Le Devoir

La réforme fiscale de Trump pourrait se heurter au mur de la dette

- DOUGLAS GILLISON à Washington

La réforme fiscale défendue par Donald Trump a reçu l’appui du Congrès, mais les baisses d’impôt promises aux ménages et entreprise­s américains pourraient rapidement se heurter au mur de la dette, estiment des analystes.

Elle prévoit une réduction de quelque 1500 milliards de dollars de la charge fiscale pesant sur l’économie américaine, qui devrait, selon ses promoteurs, augmenter la productivi­té et les créations d’emplois.

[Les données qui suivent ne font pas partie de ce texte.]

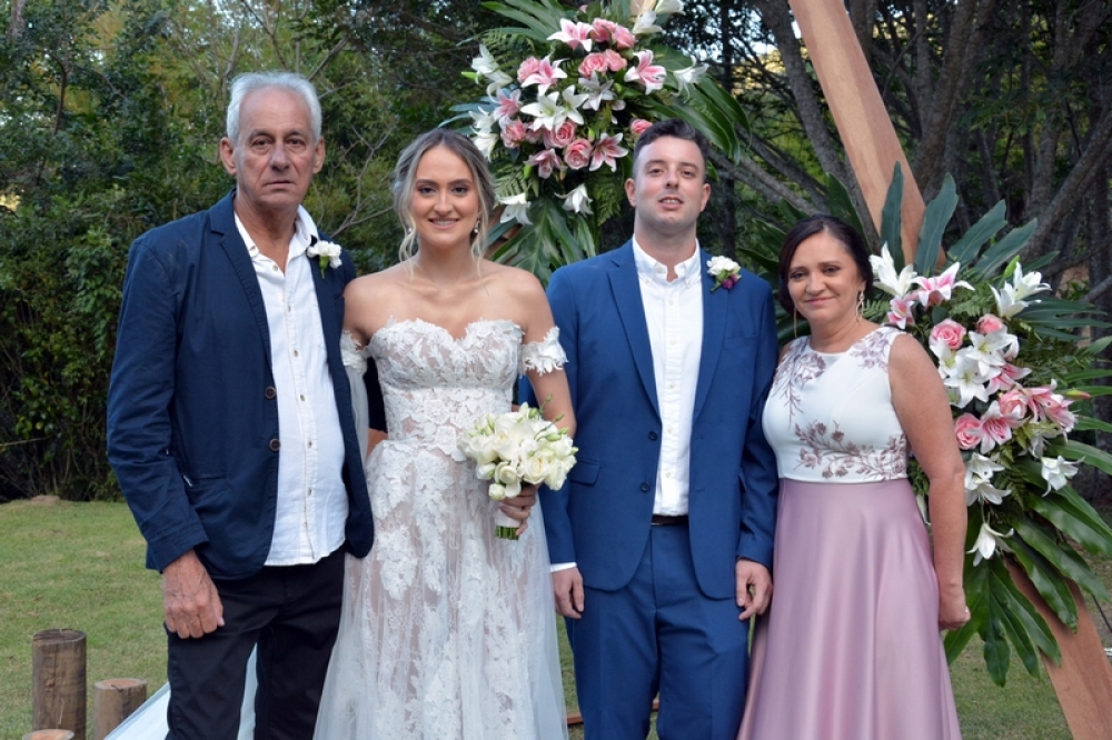 Testemunhando este momento importante, estavam os pais da noiva, Dirce Maria Santos Santiago e Márcio Santiago, e os pais do noivo, Vânia Cristina Gomes Martins e Mauro Barbosa Martins Filho.
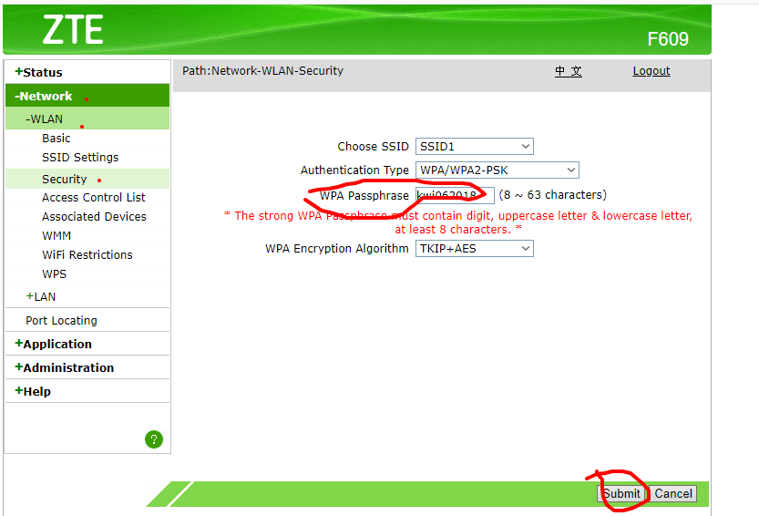 Pada menu utama klik network >wlan> security > dan ganti password pada kolom wpa.

Mais les précédente­s réformes fiscales aux États-Unis se sont souvent traduites par une forte augmentati­on de la dette, qui a nécessité dans les années suivantes des volte-face se traduisant par des hausses d’impôt.

Le gouverneme­nt Trump table sur le « dynamic scoring », à savoir la hausse des recettes résultant de l’accélérati­on de la croissance, pour compenser la perte initiale de recettes fiscales. Mais ce concept est loin de faire l’unanimité parmi les économiste­s, et les sondages montrent une opinion publique plutôt sceptique quant aux bienfaits de la réforme.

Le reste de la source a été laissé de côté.